(Supplied data)
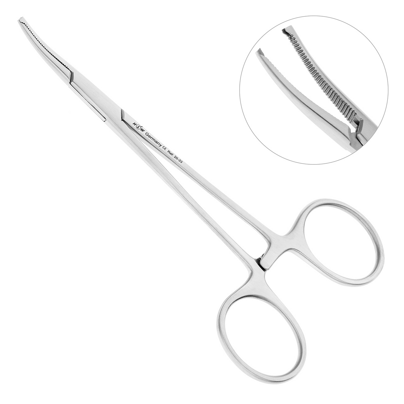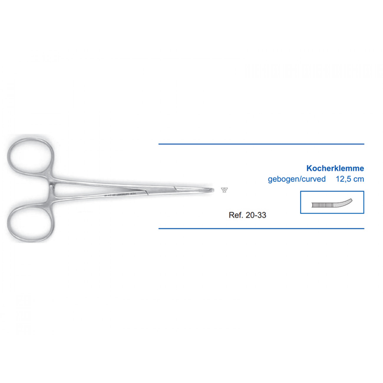 "20-33 Зажим изогнутый 12,5 см, Kocherklemme хирургический с зубчиками" — это высококачественный инструмент, предназначенный для использования в хирургической стоматологии.
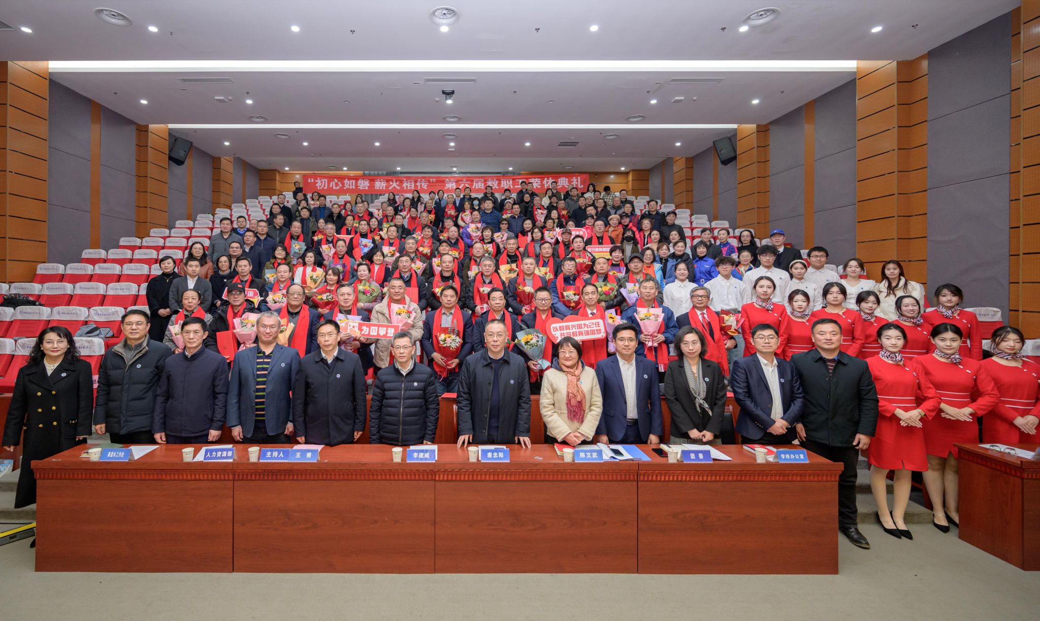 自2019年开始,学校每年集中举办一次教职工荣休典礼。教职工荣休典礼作为学校弘扬尊师重教优良传统,做好师道传承、加强教师队伍建设的重要举措,也是学校追忆奋斗时光、感恩教职工的重要载体。相关职能部门负责人、各⼆级党组织书记、分⼯会主席、青年教师代表以及学生代表近190人参加了典礼。典礼还通过微信视频号、抖音、微博等平台面向校内外师生和校友同步直播,观看人次达1万余人,受到了广泛关注。
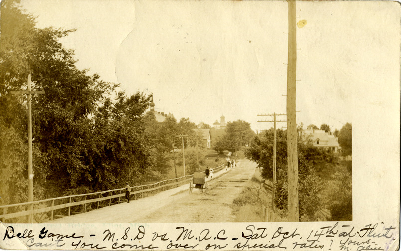 Favorite this☆ Court Street Bridge, Flint, Michigan Description: View of the Court Street Bridge in Flint, Michigan. Handwritten on front: "Ball game. M.S.D. vs. M.A.C. Sat. Oct. 14th at Flint. Can't you come over on special rates? Yours, M. Alice." Card is postmarked October 13, 1905. Details Resource ID: bh013139 Subject: Bridges--Michigan--Flint Photographic prints Postcards Date Issued: 1905 (year approximate) Format: 1 postcard ; 3.5 x 5.5 in. Member of: Burton Historical Collection Filing Location: M/Localities-Flint Rights: Physical rights are retained by DPL. Copyright is retained in accordance with U.S. copyright laws.
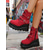 Botas de combate con purpurina roja para mujer: botines con cordones brillantes para mujer, ideales para Navidad, fiestas de invierno y salidas festivas.
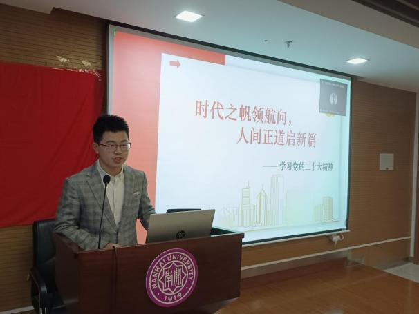 11月13日,2022级硕士生2班团支部举办“凝心聚力同筑梦,携手奋进新征程”学习宣传贯彻党的二十大精神主题活动。班导师白云翔出席,支部全体党员以及共青团员参加。周济尧、杨佳分别以“传承斗争精神,谱写青春篇章”、“扬青春之朝气,奏共富之华章”为题开展宣讲。支部成员进行党的二十大精神知识竞答活动并围绕“如何学习宣传贯彻党的二十大精神”展开交流。
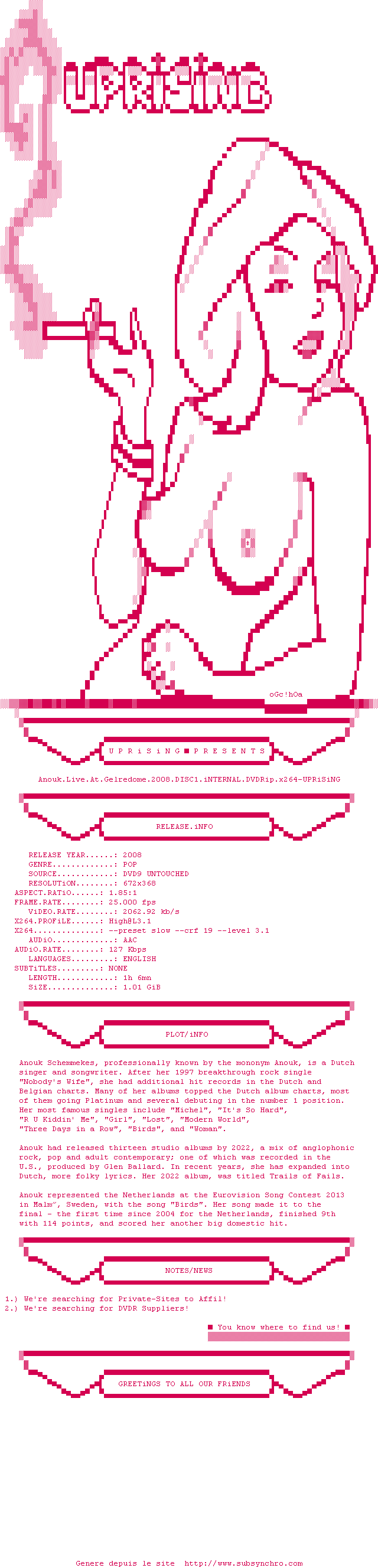 Voir le nfo de la release Anouk.Live.At.Gelredome.2008.DISC1.iNTERNAL.DVDRip.x264-UPRiSiNG
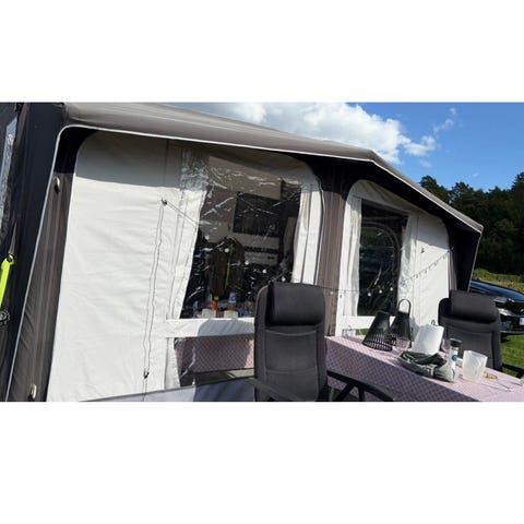 Fortelt til campingvogn i blå og grå farve. Forteltet har store vinduespartier og myggenet i fronten, som giver lysindfald og mulighed for udluftning. Egnede anvendelser omfatter ekstra opholdsrum ved campingvognen, læ for vind og vejr samt opbevaringsplads under campingferien.
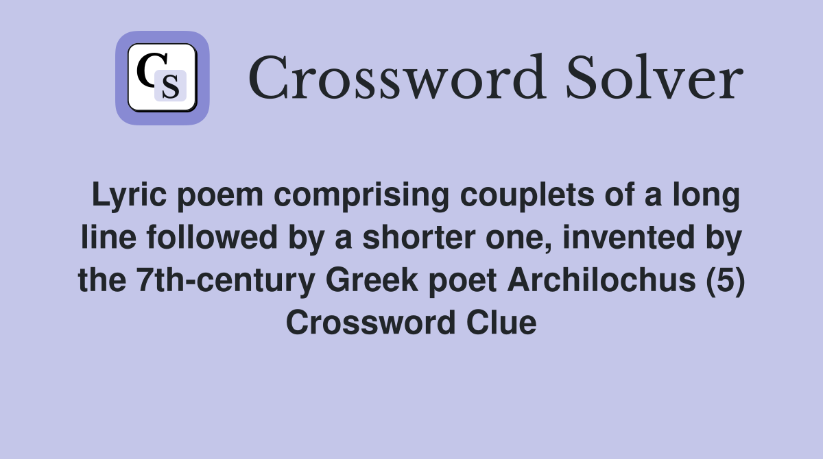 Lyric poem comprising couplets of a long line followed by a shorter one
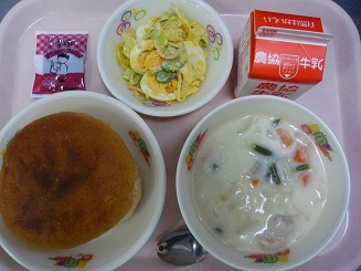 胚芽パン、クリームシチュー、たまごサラダ、クリーム、牛乳
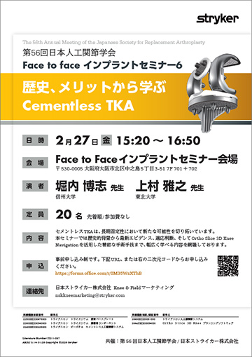 | お問合せ先 | 日本ストライカー株式会社 担当:Knee & Fieldマーケティング 電話番号:070-3543-5412 メールアドレス:nskkneemarketing@stryker.com |
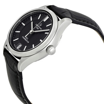 Silver-tone stainless steel case with a black leather strap. Fixed silver-tone stainless steel bezel. Black dial with luminous silver-tone hands and index hour markers. Minute markers around the outer rim. Dial Type: Analog. Luminescent hands and markers. Date display at the 6 o'clock position. Certina Calibre Powermatic 80 (ETA C07.111) Automatic movement, based upon ETA 2824-2, containing 23 Jewels, bitting at 21600 vph, and has a power reserve of approximately 80 hours. Scratch resistant sapphire crystal. Pull / push crown. Skeleton case back. Round case shape, case size: 31.50 mm, case thickness: 10 mm. Band width: 16 mm. Fold over with push button release clasp. Water resistant at 100 meters / 330 feet. Functions: date, hour, minute, second. Ds-8 Powermatic 80 Series. Dress watch style. Watch label: Swiss Made. Certina DS-8 Automatic Ladies Watch C033.207.16.051.00.
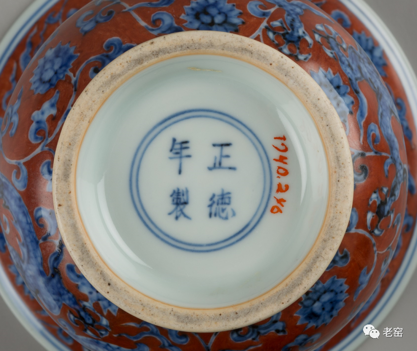 明正德 红地青花龙纹渣斗(底部款识) 美国哈佛艺术博物馆藏
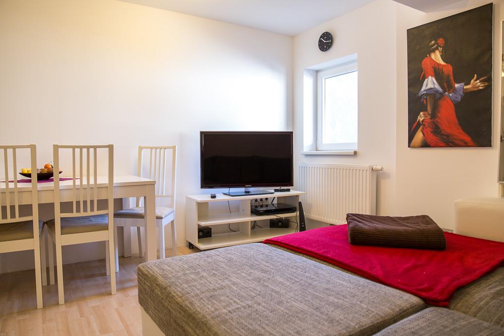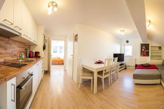 2012 erbaute moderne Ferienwohnung mit SAT-TV, W-Lan, Küche/Wohnzimmer, Schlafzimmer und Dusche/WC - Verbindungstür zwischen beiden Ferienwohnungen Außerdem: SAT-TV auch im Schlafzimmer, toller Ausblick, Geschirrspüler, Waschmaschine und Backhofen
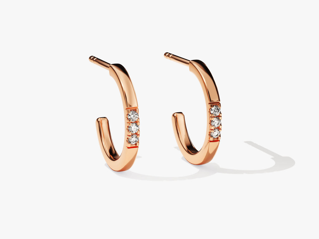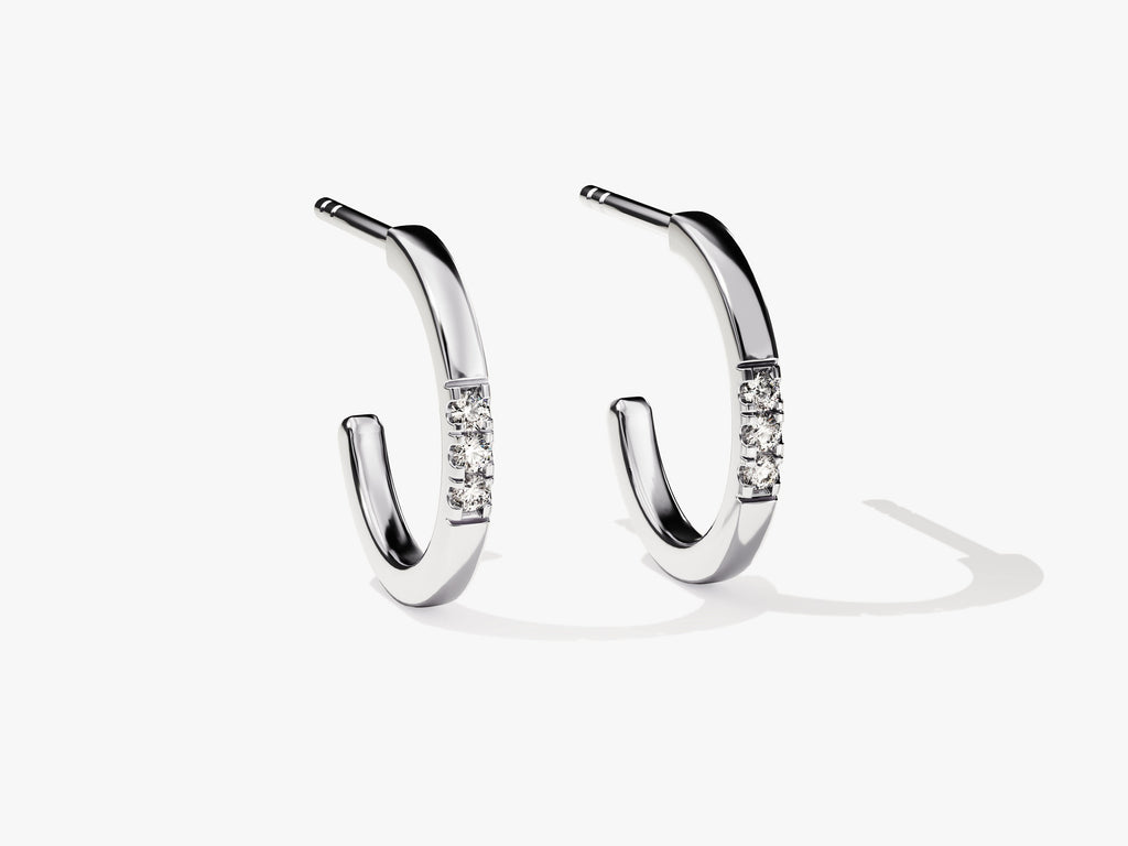 Our petite diamond huggie earrings are the perfect classic, yet modern statement that you can wear every day. They’re made with solid gold, gold vermeil or sterling silver and feature 3 petite white diamond - moissanite stones in each earring a huggie setting. You won’t want to take these off!
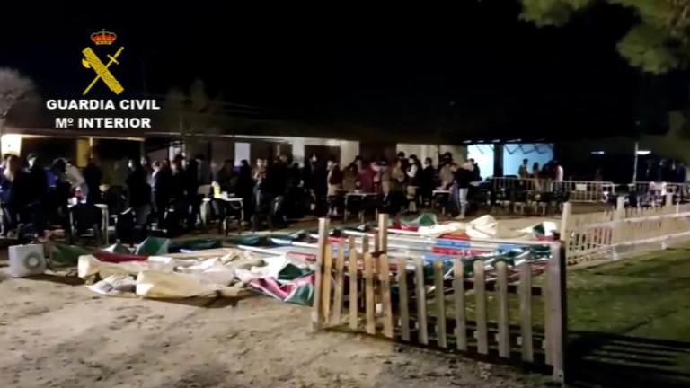 Tras acceder al interior de la finca, la Guardia Civil se encuentra con cientos de jóvenes sin mascarilla y sin respetar ninguna de las medidas de seguridad sanitaria. El promotor de la fiesta -que está siendo investigado junto con el propietario de la finca- había contratado a camareros que estaban sirviendo en las barras distribuidas por el interior del lugar.
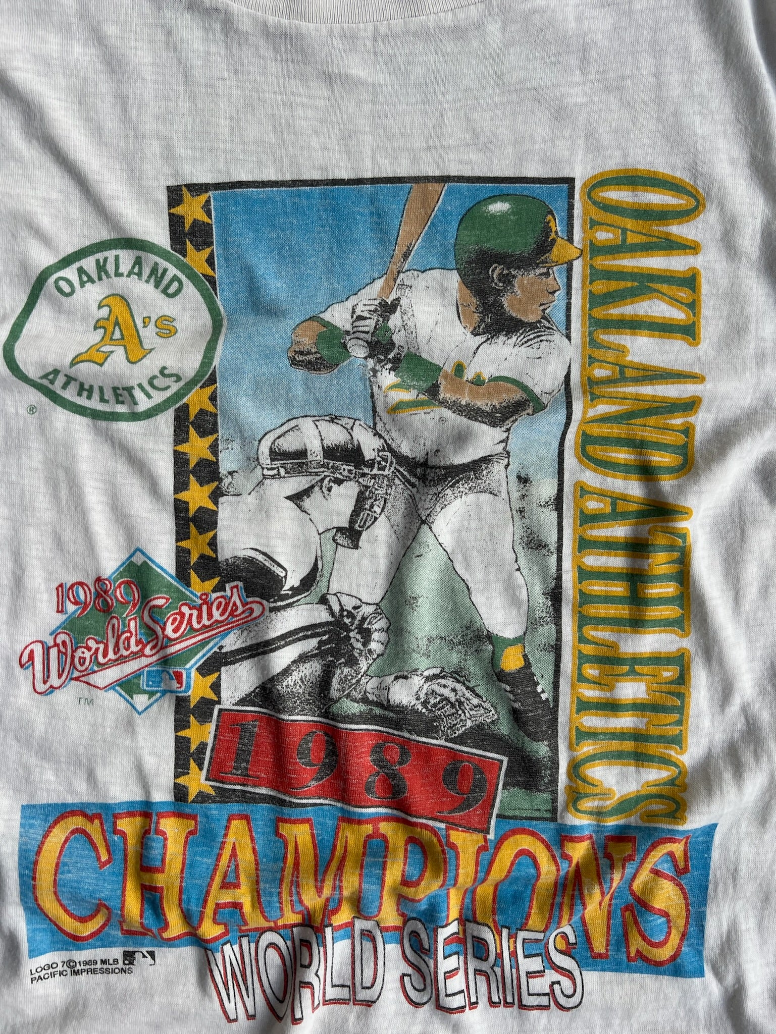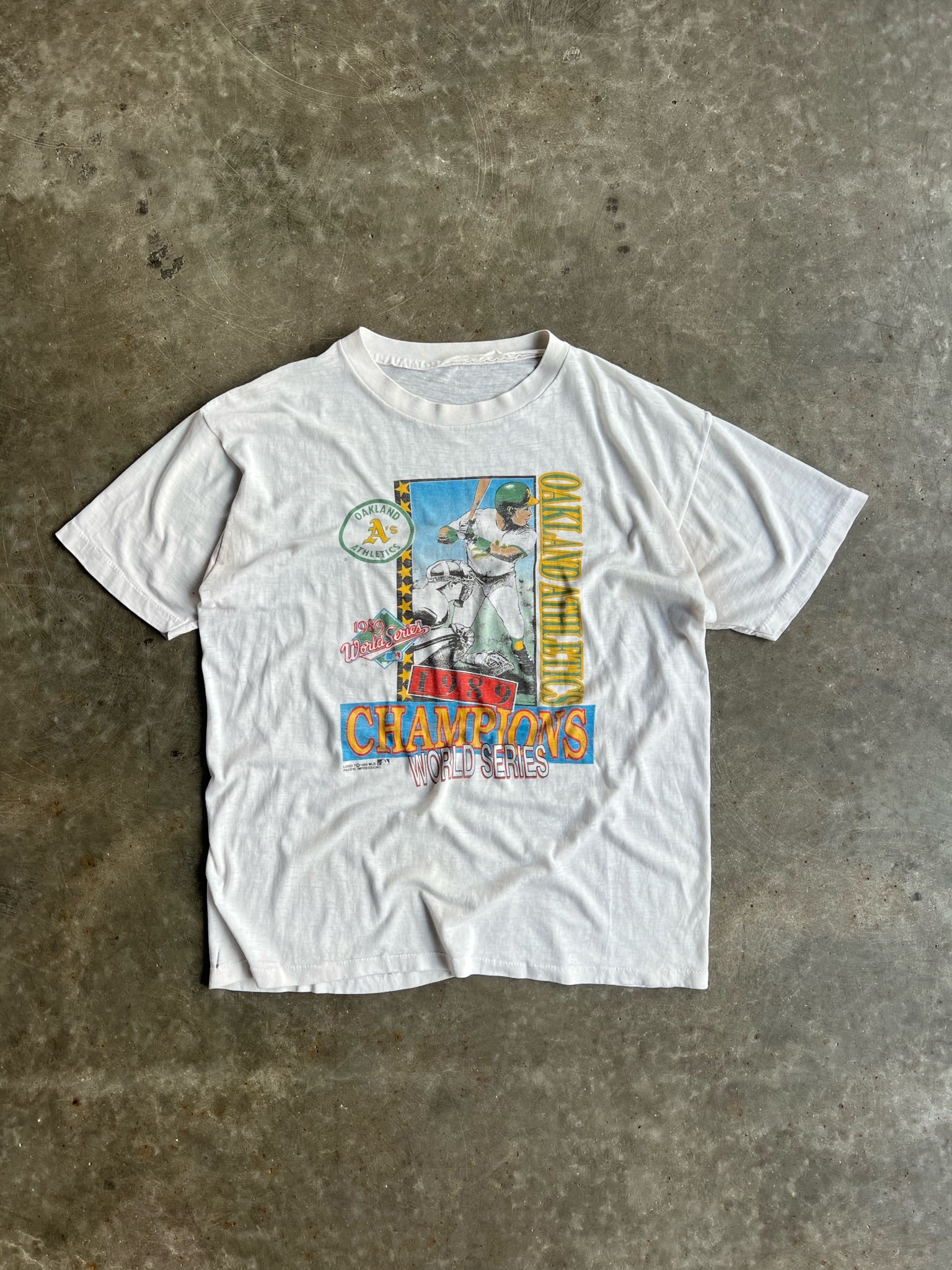 Vintage Single Stitch Oakland Athletics 1989 World Series Champions Shirt - L
(End Supplied data)
◆ Work item: Only the lines from the one containing "2012 erbaute moderne" through the last line of the entries, both included, should be repeated exactly, and the pictures should be left out.

◆ Answer section:
 2012 erbaute moderne Ferienwohnung mit SAT-TV, W-Lan, Küche/Wohnzimmer, Schlafzimmer und Dusche/WC - Verbindungstür zwischen beiden Ferienwohnungen Außerdem: SAT-TV auch im Schlafzimmer, toller Ausblick, Geschirrspüler, Waschmaschine und Backhofen
 Our petite diamond huggie earrings are the perfect classic, yet modern statement that you can wear every day. They’re made with solid gold, gold vermeil or sterling silver and feature 3 petite white diamond - moissanite stones in each earring a huggie setting. You won’t want to take these off!
 Tras acceder al interior de la finca, la Guardia Civil se encuentra con cientos de jóvenes sin mascarilla y sin respetar ninguna de las medidas de seguridad sanitaria. El promotor de la fiesta -que está siendo investigado junto con el propietario de la finca- había contratado a camareros que estaban sirviendo en las barras distribuidas por el interior del lugar.
 Vintage Single Stitch Oakland Athletics 1989 World Series Champions Shirt - L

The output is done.